Там в самом внизу за пределами купола кулуаканские воины дожидались спуска платформы. Готовились в рейд за коралловый риф, чтобы спрятать сундуки на самое дно. Золото ацтеков отныне не достанется ни людям, ни тланчанам, ни Эстебану, ни Ицкоатлю, ни даже Тлалоку — никому, кроме китов и акул.
Касик наблюдал за происходящим с деревянного понтона. В нефритовой диадеме, расшитом плаще, в сандалиях с жадеитом и перьевым украшением вокруг ног. Лицо правителя оставалось бесстрастным, но Эстебан сумел разглядеть в нем облегчение.
Атоятль содержался в тюрьме. Тлалок был запечатан в жерле Шипелопанго. Сокровища стали данью сеноту Ах-Чаан. Тланчане узнали о своём истинном происхождении и тайне, хранившейся две сотни лет, пришёл конец.

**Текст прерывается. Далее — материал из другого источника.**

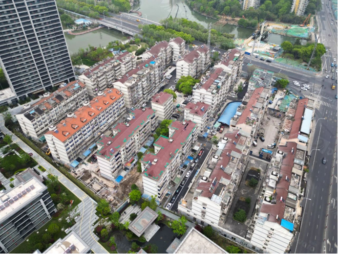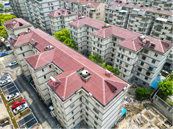 “月秀東園平改坡項目”位于無錫市濱湖區(qū),小區(qū)建成于1981年,其中部分樓棟的屋面為平屋面,部分屋面為坡屋面。對原先平頂屋面的樓棟進行坡屋面改造,采用幻景波形瀝青瓦施工,達到整體造型的統(tǒng)一,提升住戶居住舒適性。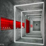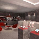 Designing a space to display jewelry has its own set of needs and requirements. A space that offers a sense of peace and luxury. In this design, we have thrown a red carpet under the feet of the customers who are the most important guests, and we also lit their way with custom-designed lighting to reach the main hall of the store, which is decorated with luxurious decor. The splendor of the space in this part is enhanced by the combination of red and neutral colors, as well as the modern furniture, reducing the heaviness of the classic spaces.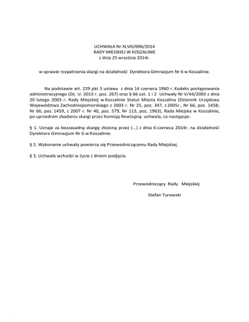 UCHWAŁA Nr XLVIII/696/2014 RADY MIEJSKIEJ W KOSZALINIE z dnia 25 września 2014r. w sprawie rozpatrzenia skargi na działalność Dyrektora Gimnazjum Nr 6 w Koszalinie. Na podstawie art. 229 pkt 3 ustawy z dnia 14 czerwca 1960 r. Kodeks postępowania administracyjnego (Dz. U. 2013 r. poz. 267) oraz § 66 ust. 1 i 2 Uchwały Nr V/44/2003 z dnia 20 lutego 2003 r. Rady Miejskiej w Koszalinie Statut Miasta Koszalina (Dziennik Urzędowy Województwa Zachodniopomorskiego z 2003 r. Nr 25, poz. 347, z 2005r., Nr 66, poz. 1458; Nr 66, poz. 1459, z 2007 r. Nr 40, poz. 579, Nr 113, poz. 1963), Rada Miejska w Koszalinie, po uprzednim zbadaniu skargi przez Komisję Rewizyjną uchwala, co następuje: § 1. Uznaje za bezzasadną skargę złożoną przez (…) z dnia 6 czerwca 2014r. na działalność Dyrektora Gimnazjum Nr 6 w Koszalinie. § 2. Wykonanie uchwały powierza się Przewodniczącemu Rady Miejskiej. § 3. Uchwała wchodzi w życie z dniem podjęcia. Przewodniczący Rady Miejskiej Stefan Turowski UZASADNIENIE W dniu 06.06.2014r. do Rady Miejskiej w Koszalinie wpłynęła skarga (…) zwanego w dalszej części Skarżącym), na dyrektora Gimnazjum nr 6 w Koszalinie. Skarżący działający jako organizacja związkowa wniósł skargę na Dyrektora Gimnazjum Nr 6 w Koszalinie oraz zwrócił się z wnioskiem o wszczęcie stosownych postępowań dyscyplinarnych wobec Dyrektora. Ponadto wniósł o wyznaczenie mediatora przez organ prowadzący, celem próby załagodzenia sytuacji oraz podjęcia zdecydowanych działań. Zarzuty zawarte w skardze dotyczą naruszenia przez Dyrektora prawa pracy, prawa pracowników, prawa oświatowego, dobra uczniów oraz materii funkcjonowania placówki. Do skargi załączone zostały: pismo z Kuratorium Oświaty w Szczecinie z dnia 22.04.2014r. (KO.I.K.5533.5.1.2014.IKĆ, trzy protokoły z Państwowej Inspekcji Pracy Oddział w Koszalinie z 26.03.2014r. (Nr rej. 14165-4600-Sw200-Sa07/14, 14165-4600-Sw200-Sa08/14, 141654600-Sw200-Sa09/14). W stanowisku do skargi z dnia 03.07.2014r. Prezydent Miasta Koszalina wskazuje, że w sprawie konfliktu panującego w Gimnazjum nr 6 w Koszalinie rozpatrywana była skarga złożona przez nauczycieli – pracowników ww. gimnazjum. Zarzuty występujące w skardze rozpatrzono w trybie skargowym przez Komisję Rewizyjną Rady Miejskiej w Koszalinie. Sytuacja została dokładnie przeanalizowana, z uwzględnieniem wyników kontroli dokonanej przez: - Kuratorium Oświaty w Szczecinie – Delegatura w Koszalinie, - Państwową Inspekcję Pracy - Biuro Kontroli Urzędu Miejskiego w Koszalinie (dokonaną na wniosek Dyrektora Gimnazjum Nr 6 w Koszalinie). Po przeprowadzonej kontroli przez Kuratorium Oświaty, organ kontrolny zobowiązał Dyrektora Gimnazjum Nr 6 w Koszalinie do wykonania poniższych zaleceń: 1) zgodnie z art. 43 ust. 2 ustawy z dnia 07.09.1991r. o systemie oświaty ustalić regulamin działalności Rady Pedagogicznej, w tym zasady protokołowania spotkań; 2) uaktualnić statut szkoły zgodnie z rozporządzeniem Ministra Edukacji Narodowej z dnia 21.05.2001r. w sprawie ramowych statutów publicznego przedszkola oraz publicznych szkół, uwzględniając aktualne zmiany w prawie oświatowym; 3) zgodnie z załącznikiem nr 4 rozporządzenia Ministra Edukacji Narodowej z dnia 27.08.2012r. w sprawie podstawy programowej wychowania przedszkolnego oraz kształcenia ogólnego w poszczególnych typach szkół, zapewnić uczniom, którzy uczyli się w szkole podstawowej języka niemieckiego, kontynuację tego języka w gimnazjum na poziomie III.1. Termin realizacji zaleceń pokontrolnych ustalono do dnia 27.02.2014r. W dniu 27.02.2014r. Dyrektor Szkoły zawiadomiła Zachodniopomorskiego Kuratora Oświaty o zrealizowaniu zaleceń pokontrolnych: 1) uchwałą Rady Pedagogicznej nr 12/2013/2014 z dnia 3.02.2014r. przyjęto Regulamin Rady Pedagogicznej Gimnazjum Nr 6 im. „Polskich Nauczycieli Tajnego Nauczania w latach 1939-1945”; 2) w dniu 26 lutego 2014r. zarządzeniem Dyrektora, przyjęto tekst jednolity Statutu Gimnazjum, zawierający aktualizacje dokonane na posiedzeniu Rady Pedagogicznej w dniu 3.02.2014r. oraz w dniu 26.02.2014r.; 3) zapewniono uczniom, którzy uczyli się w szkole podstawowej języka niemieckiego kontynuację tego języka w gimnazjum. W wyniku kontroli dokonanej przez Biuro Kontroli Urzędu Miejskiego nie potwierdzono naruszenia praw nauczycieli, a zalecenia dotyczyły drobnych uchybień i zostały natychmiast wykonane przez Dyrektora szkoły. Po kontroli przeprowadzonej przez Państwową Inspekcję Pracy Oddział w Koszalinie wydano dwa nakazy, które również niezwłocznie zostały wykonane. Ponadto, wskazano, że po zapoznaniu się z treścią skargi, wystąpiono do Zarządu Ogniska Związku Nauczycielstwa Polskiego w Gimnazjum nr 6 w Koszalinie o zajęcie stanowiska w przedmiotowej sprawie. W dniu 01.07.2014r. do Urzędu Miejskiego w Koszalinie wpłynęła odpowiedź Prezesa Ogniska Związku Nauczycielstwa Polskiego w Gimnazjum nr 6 w Koszalinie, podpisana przez wszystkich członków, w której zdecydowanie nie zgadzają się z treścią skargi, wręcz wyrażają sprzeciw wobec zawartych w niej zarzutów. Kopia pisma została przekazana Komisji Rewizyjnej Rady Miejskiej w Koszalinie. W związku z powyższym, Prezydent Miasta Koszalina wnosi o uznanie skargi złożonej na Dyrektora Gimnazjum Nr 6 w Koszalinie za bezzasadną. Komisja Rewizyjna Rady Miejskiej w Koszalinie zbadała zasadność skargi na posiedzeniu w dniu 04.09.2014r. w którym uczestniczyła Skarżąca. Zarzuty wskazane w skardze zostały podtrzymano oraz wskazano, że celem Skarżącego jest zakończenie sporu i konfliktu trwającego od dłuższego czasu pomiędzy kilkoma nauczycielami z Gimnazjum nr 6, a Dyrektorem placówki. Nie wniesiono nowych zarzutów. Skarżąca zwróciła się z wnioskiem o uznanie skargi za zasadną. Na wstępie wskazano, że zarzuty skierowane względem Dyrektora Gimnazjum nr 6 w Koszalinie sformułowane przez tr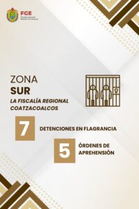 En lo que respecta a la zona sur, la Fiscalía Regional Coatzacoalcos cumplimentó 5 órdenes de aprehensión y realizó 7 detenciones en flagrancia.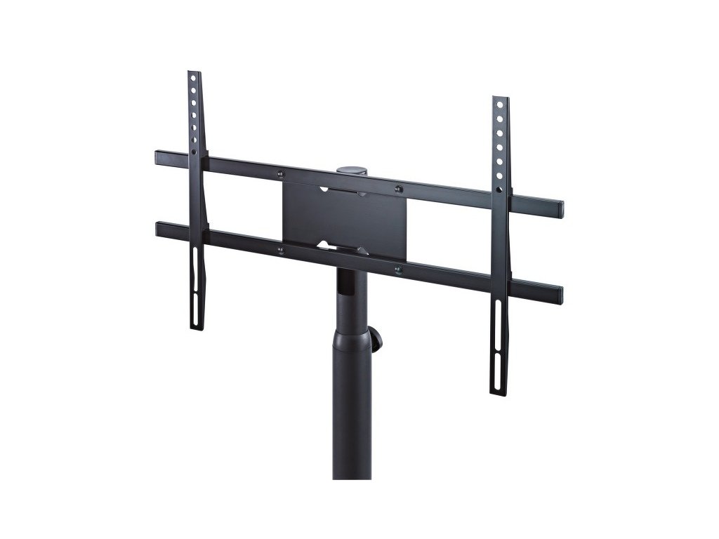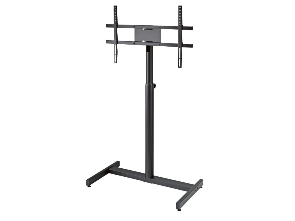 Stabilní ocelový stojan pro LCD monitory. Výška 1100/1650 mm. Nastavení výšky po krocích pomocí ergonomického přužinového upínacího kolíku. Dodávané montážní příslušenství umožňuje standardní montáž VESA pro LCD monitory od 42"do 65". Skryté interní vedení kabelů. Integrované nastavitelné nožičky stabilizují stojan na nerovném povrchu a zajišťují jeho stabilitu. Vyrábí se v černé barvě.

Кулуакан перелистнул страницу истории и начал новую главу.
* * *
— Ты принял решение, Эстебан Хулио Гарсия Альтамирано? — когда платформа скрылась из виду, вождь приблизился к испанцу. — Твоя работа завершена и я готов отплатить тебе. Возвращайся на поверхность, если желаешь. Мои воины сопроводят тебя. Ты получишь… нет, не сокровища наших предков, но мы готовы отдать тебе золотые самородки из родников Усумасинге. Столько, сколько сможешь унести. Отныне тланчане твои друзья и покровители. — С этими словами касик достал белую раковину с парными отверстиями по бокам. — Возьми, Эстебан Хулио Гарсия Альтамирано. Эта вещь издаёт звук недоступный человеческому уху, но достаточный для того, чтобы подводная разведка услышала его. Если когда-либо тебе потребуется помощь, мы явимся на твой зов.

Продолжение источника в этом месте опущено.